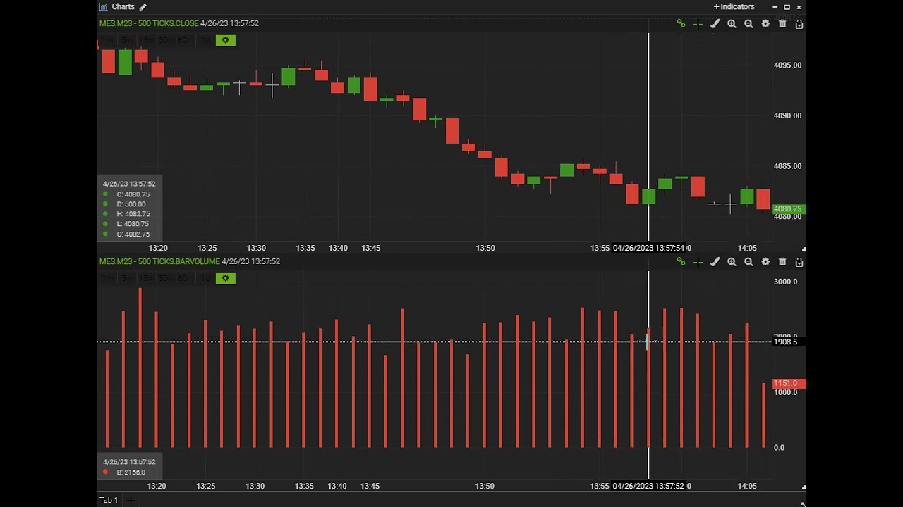 More specifically, it looks like the cursor line does not line up. The actual volume bars MAY correlate to the candle but I can’t tell bc the cursor vertical line doesn’t seem to align with both candle and volume bar all the time when using tick charts as shown in the pic. Note that the volume chart setting matches 500 ticks which displays in the image I posted. I also sent you a separate snip of the image.
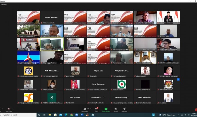 Jakarta, Badan Pengawas Pemilihan Umum - Ketua Bawaslu Abhan tanpa memperhatikan beberapa hal yang mungkin terjadi saat penyelenggaraan Pemilu Serentak 2024. Hal itu disampaikan dalam focus group discussion (fgd) secara virtual yang diselenggarakan KPU mengenai rancangan Peraturan KPU (PKPU) Tentang Tahapan, Program, dan Jadwal Penyelenggaraaan Pemilu dan Pemilihan Serentak Tahun 2024, Rabu (15/9/2021).
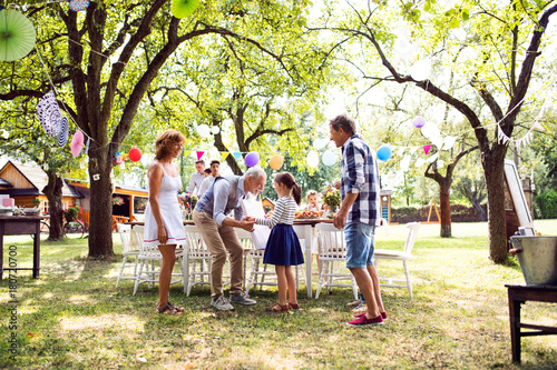 © Halfpoint, Obraz premium Family celebration or a garden party outside in the backyard.
****************************************
**WORK ITEM:** All of the preceding material should be output verbatim, with the pictures excluded.

**EXERCISE SOLUTION:**
 More specifically, it looks like the cursor line does not line up. The actual volume bars MAY correlate to the candle but I can’t tell bc the cursor vertical line doesn’t seem to align with both candle and volume bar all the time when using tick charts as shown in the pic. Note that the volume chart setting matches 500 ticks which displays in the image I posted. I also sent you a separate snip of the image.
 Jakarta, Badan Pengawas Pemilihan Umum - Ketua Bawaslu Abhan tanpa memperhatikan beberapa hal yang mungkin terjadi saat penyelenggaraan Pemilu Serentak 2024. Hal itu disampaikan dalam focus group discussion (fgd) secara virtual yang diselenggarakan KPU mengenai rancangan Peraturan KPU (PKPU) Tentang Tahapan, Program, dan Jadwal Penyelenggaraaan Pemilu dan Pemilihan Serentak Tahun 2024, Rabu (15/9/2021).
 © Halfpoint, Obraz premium Family celebration or a garden party outside in the backyard.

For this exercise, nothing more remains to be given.